◆ Goal of the exercise: Repeat the listing exactly. The images do not belong in the copy.

◆ Collected data:
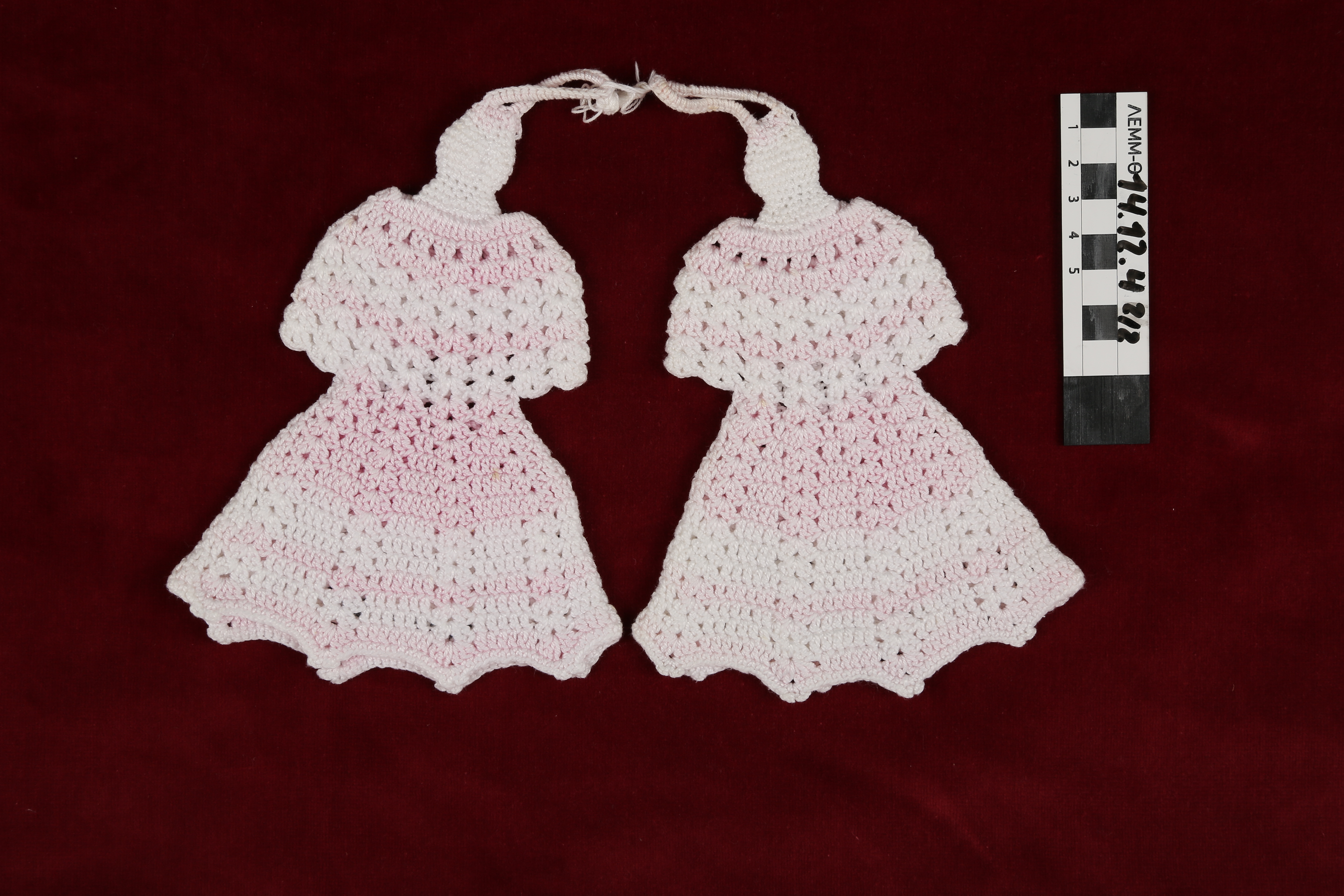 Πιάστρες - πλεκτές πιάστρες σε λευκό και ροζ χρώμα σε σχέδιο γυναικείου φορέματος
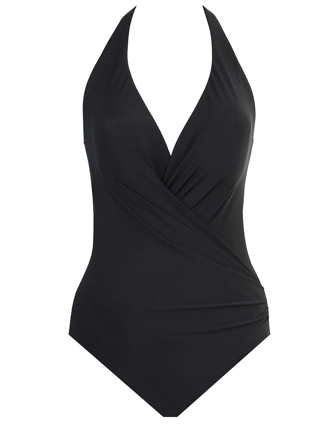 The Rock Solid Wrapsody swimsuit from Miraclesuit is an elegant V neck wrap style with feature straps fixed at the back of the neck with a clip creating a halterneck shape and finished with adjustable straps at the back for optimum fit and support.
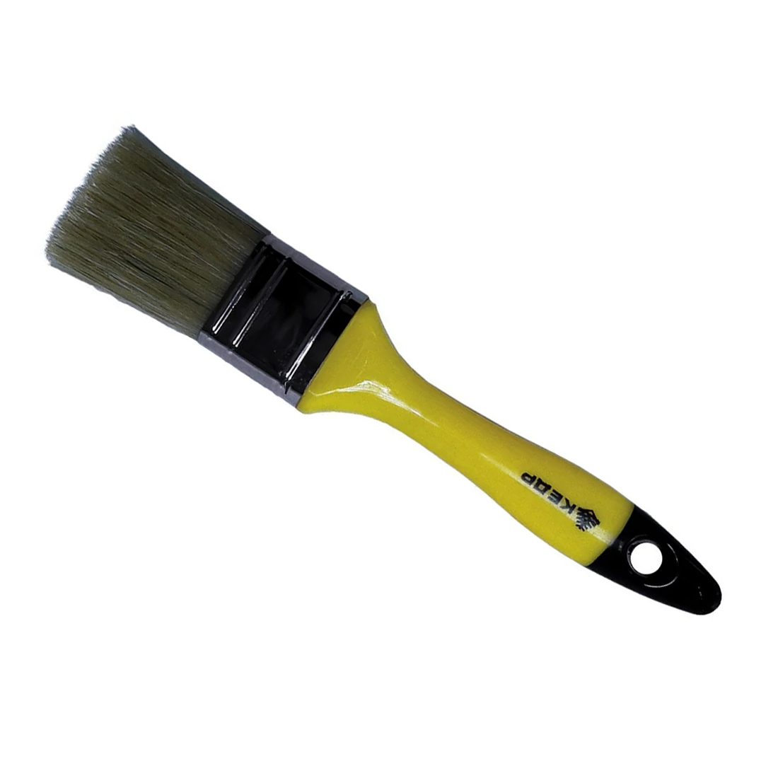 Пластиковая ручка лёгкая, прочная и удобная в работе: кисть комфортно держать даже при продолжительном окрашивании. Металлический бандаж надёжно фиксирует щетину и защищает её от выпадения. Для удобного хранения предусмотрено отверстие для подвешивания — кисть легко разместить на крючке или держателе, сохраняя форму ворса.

◆ Solution for this exercise:
 Πιάστρες - πλεκτές πιάστρες σε λευκό και ροζ χρώμα σε σχέδιο γυναικείου φορέματος
 The Rock Solid Wrapsody swimsuit from Miraclesuit is an elegant V neck wrap style with feature straps fixed at the back of the neck with a clip creating a halterneck shape and finished with adjustable straps at the back for optimum fit and support.
 Пластиковая ручка лёгкая, прочная и удобная в работе: кисть комфортно держать даже при продолжительном окрашивании. Металлический бандаж надёжно фиксирует щетину и защищает её от выпадения. Для удобного хранения предусмотрено отверстие для подвешивания — кисть легко разместить на крючке или держателе, сохраняя форму ворса.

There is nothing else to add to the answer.